02 July 2007

UConn Arrogance Knows No Bounds

It wasn't enough for the University of Connecticut to receive $2 billion over the last several years to pave its campus streets with gold and make it into a top-tier public university with little oversight by the people in charge. During expansion under Gov. Rowland, UConn failed to keep an eye on the contractors, resulting in substandard dormitory units and lab facilities that had to be monitored by on-site fire officials during repairs.

It wasn't enough for the University of Connecticut Health Center to mismanage millions over the years and receive a pass from legislators when brought before committees charged with its oversight. Nor has it been enough when we find its President Phil Austin spent hundreds of thousands of dollars to refurbish a mansion he rarely uses.

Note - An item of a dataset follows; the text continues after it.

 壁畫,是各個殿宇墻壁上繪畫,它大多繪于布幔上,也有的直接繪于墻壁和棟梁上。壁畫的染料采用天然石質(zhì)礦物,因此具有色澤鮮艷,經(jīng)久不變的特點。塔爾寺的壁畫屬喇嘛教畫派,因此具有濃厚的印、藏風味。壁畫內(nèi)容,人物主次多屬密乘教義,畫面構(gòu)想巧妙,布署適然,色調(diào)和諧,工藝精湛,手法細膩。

Nor has it been enough when UConn football players and basketball players end up on the police blotter and get a slap on their revenue producing wrists. Nor was it enough when UConn allows Coach Jim Calhoun to endorse Joe Courtney on campus during normal work hours. And throw in UConn's environmentally sensitive outreach when it sucked the Fenton River dry to provide more water for the showers.

No, it's never enough when it comes to feeding the Beast of the East. In today's Hartford Courant, Chris Keating exposed a last minute change in the recent budget agreement that shifts oversight of an UConn Health Care expansion study away from the Rell administration to the Democratic legislators who bow to its every wish.

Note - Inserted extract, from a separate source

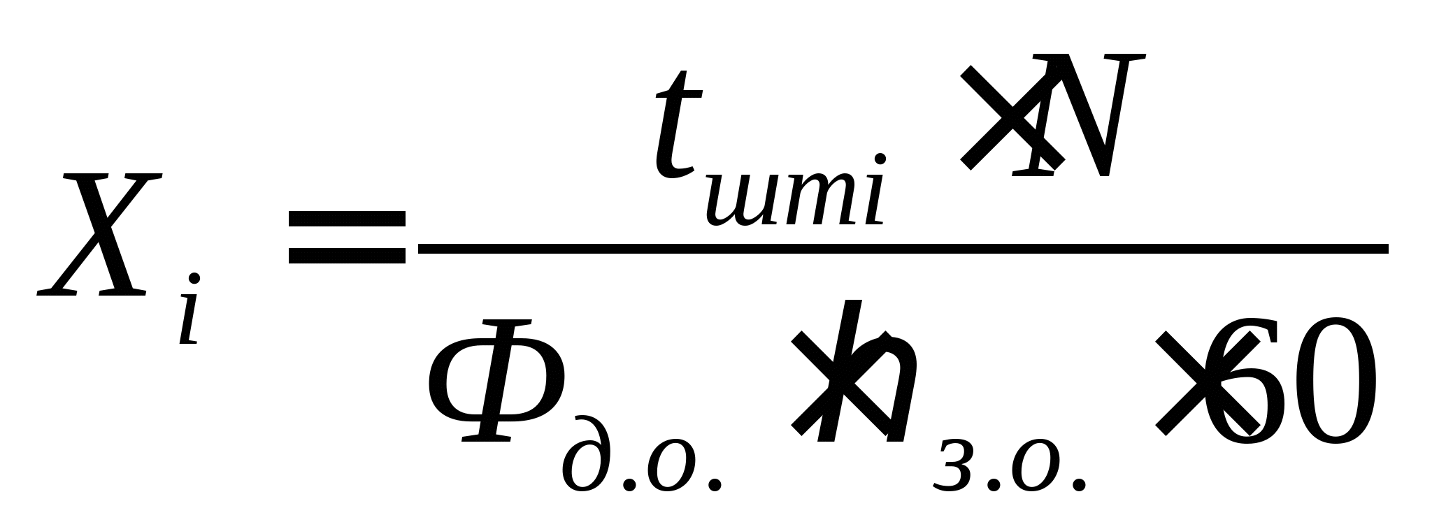 2.2 Определение программы восстановления деталей Производственная программа по восстановлению деталей определяется, исходя из анализа разработанного технологического процесса. Для этого необходимо определить минимальную норму времени на выполнение основной операции. Фд.о – действительный годовой фонд времени работы оборудования.. Фонд времени Фд.о – это время в часах, в течение которого оборудование может работать при заданном режиме работы с учетом простоев в профилактическом обслуживании и ремонте: , где d - количество выходных дней в году (d = 52); d - количество праздничных дней в году (d = 8); t - средняя продолжительность рабочей смены, ч; t - сокращение длительности смены в предпраздничные дни, ч ( ); n - количество праздников в году (n = 10); у - количество смен работы; - коэффициент использования оборудования (0,95 - 0,98). Фд.о.= Рассчитанный фонд времени служит основанием для определения количества оборудования. Количество металлорежущих станков, стендов, установок и другого оборудования определяется по формуле , где Xi - количество оборудования i-го наименования, шт; - норма времени на выполнение i - ой операции, мин; - нормативный коэффициент загрузки оборудования (для серийного производства = 0,75...0,85). 1. Станок шлицефрезерный 5350  Примем два шлицефрезерных станка. 3. Станок круглошлифовальный 36155  Примем один круглошлифовальный станок. 4. Установка ТВЧ.  Принимаем одну установку.

State Rep. Denise Merrell, D-Mansfield, who represents the district that is home to the Huskies, changed that oversight from the Office of Policy and Management and the Office of Health Care Access to the Legislative Management Committee. UConn Health Center has been receiving millions in subsidies to, in effect, get a competitive advantage with private hospitals, many of whom are struggling. These hospitals who employs thousands and provide better care, have long protested this and seemed resigned to the study. But now, thanks to their cheerleader Merrell, UConn can contrive a positive study that will no doubt position it toward further subsidy and expansion.

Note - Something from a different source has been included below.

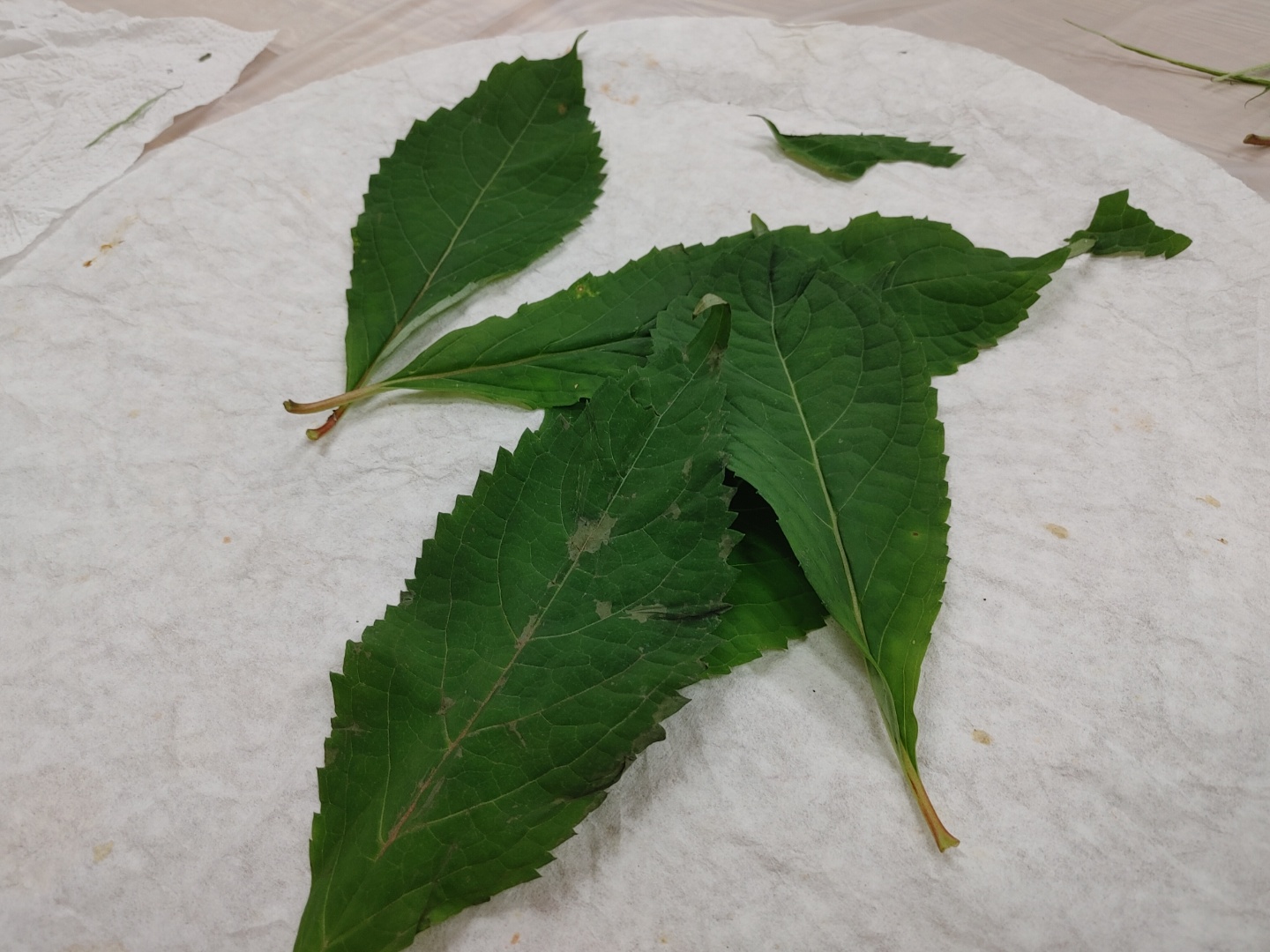 2.산수국 잎의 단단한 줄기 제거하고 충분히 유념한다.(유념은 보통 면포에 싸매서 상처입히는 작업인데, 이번에는 잎을 하나하나 비벼서 즙이 나올정도로 만들었다. )

Even Democrat leaders, like Sen. Don Williams, were embarrassed by this and pledge to make the changes needed to bring the UConn study back under OPM management. We shall see, but anyone who doubts who UConn's real friends are, need look no further than the Democratic Super Majority. Presidet Austin is leaving later this year to enjoy a pension that will a revenue bond to pay for it, but let's hope the new leader will see that the public waking up to the fact that wholesale changes are needed soon.